Thank you sir. I will increase the training sets will try again.

If I may use this thread for issues with Random Forest Classification, please let me expose this one I have with a recent classification I’m trying to do.
I’ve applyied a land/sea mask to an MSI I have to define ROI of an admnistrative region. I want to classify this region and I tested MLC and RFClassifier. The thing is, the results for the MLC came all inside the region of interest wiht no attibut/class outside, but it didn’t happen for the RF, when using the same image bands and training areas.
Here is two images, with the results for MLC and RF:

MLC:

RF:

Is there any way to solve this issue? What could be happening with the results of RF or its inputs?

Another question I have and in this case it could be applied for the two classifiers, is why the percentages for the no data values are 0.000%? In the case of the RF labeled classes, there is a lot of pixels without any information (if you notice most of dark pixels are no information data).

Can any one please, help me, or know what is happenig with this results?
Thank you.

Hm, is it an option to just exclude the class? What happens when you open the band properties of the classified raster and check “No-Data value used” and define 0 as no data?

grafik

1 Like

Wow!! Something really happened. I think you solve it!! Thank you a lot!! The results are similar to the MLC, I have to analyse this later , but comparing the percentages for both classifiers this seems to be the right direction (in the process though I have lost the water class representation at cyan colour, (value:0 for class) can it be done anyting about it ?)

RF Classification results:

MLC results:

Maybe the problem is just RF Classifier didn’t actual make it to classify the water from the start:
I just applied a band math expression, for class 0 to hightlight it between the two classifiers:

RF:

MLC:

Thank you so much! :slight_smile:

1 Like

the random forest leaves 0 when the level of confidence is not reached (see links below). But of course, if water was in your training data, it should be included in the resulting classification. You can try masking out the water areas again, by creating a nodata mask before the classification and then apply it on the classified RF image.

1 Like

I will take look to your advise and links to see how it works out.
Thank you so much ABraun for your time and attention.
You have been a helpful friend to me, I wich you all the best !!

Dear ABraun,

The standard input pixels per tree is 5000 (For Random forest algorithm). Therefore, we couldn’t use single pixel for training data, right? I quite a bit confuse because the training data that I collected via GPS represent as point and I also 10-fold cross validation.

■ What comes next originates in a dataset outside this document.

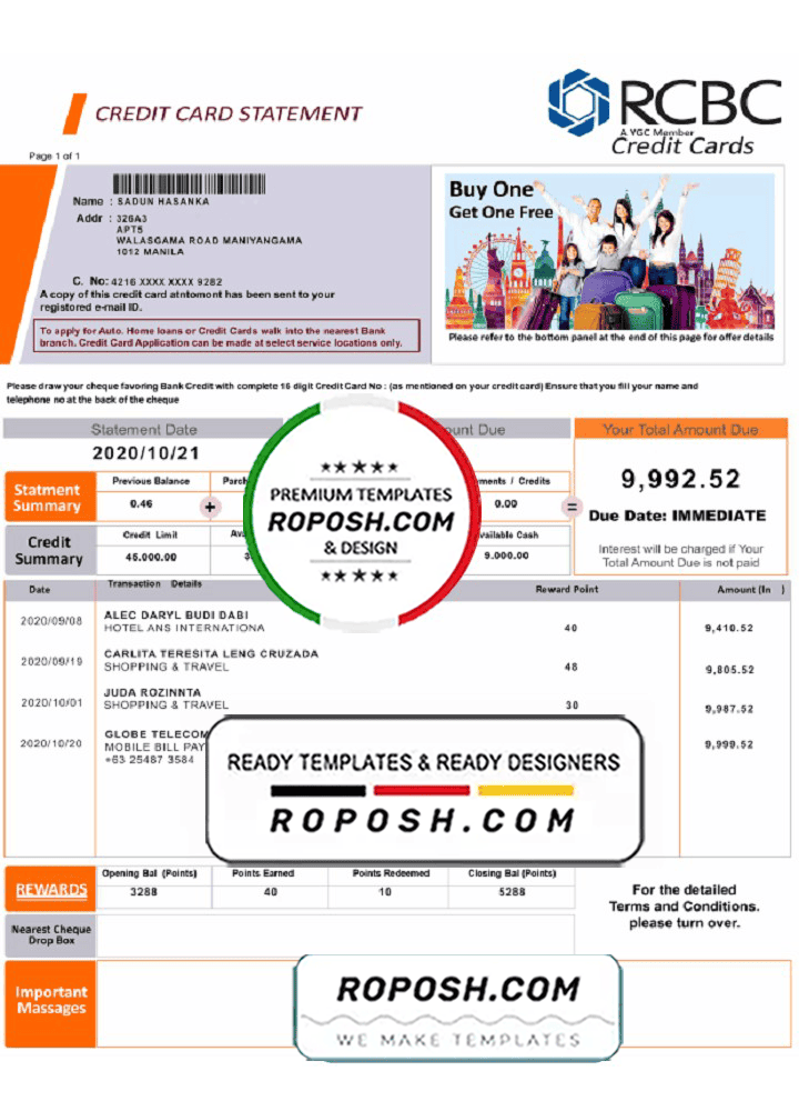 Grab now fully editable Philippines Rizal Commercial Banking Corporation (RCBC) credit card statement Word Template from our website Roposh and put your own info to create Realistic Bank Statement Word template and ready your own novelty documents. It’ll be so beneficial if your Bank Statement is expired, stolen or not available.We also have editable credit card, ID Card psd template, Bank Statement psd template, drivers license psd template & printable editable blank utility bill template.

  • Should I make training data as polygon (base on field data collection)?
  • Is it okay for publication for doing that? (sorry some questions seem far from the forum)

Thank you very much

you can use point samples, but as you say, if you have less than 5000, each tree is generated based on all available points and the advantage of permutation of a random forest classifier is partly lost (it also shuffles the input rasters).
You can create polygons around your samples to increase the number of potential samples. Your points collected in the field are a good base for this and I think it is scientifically correct to extend this points to representative area around.

If you have enough samples, you can also leave some of them out of the classification process and later use them for validation (did the classifier predict the correct class at the sampled location)?

1 Like

Thank you very much bro ABraun.
Respectfully,

Bro ABraun,

  • if I have only 800 samples (points) and I decrease the input parameter: Number of training samples to 800 or 700, would it be enough for make classification ?

Lots of thanks

you either create polygons around your points (depending on the radius and pixel size, this already multiplies your input values) or you decrease the number of samples. To make it effective, I would reduce it to 2/3 of the whole data, so around 550.

1 Like

Hi
Why after the re projection image not loading?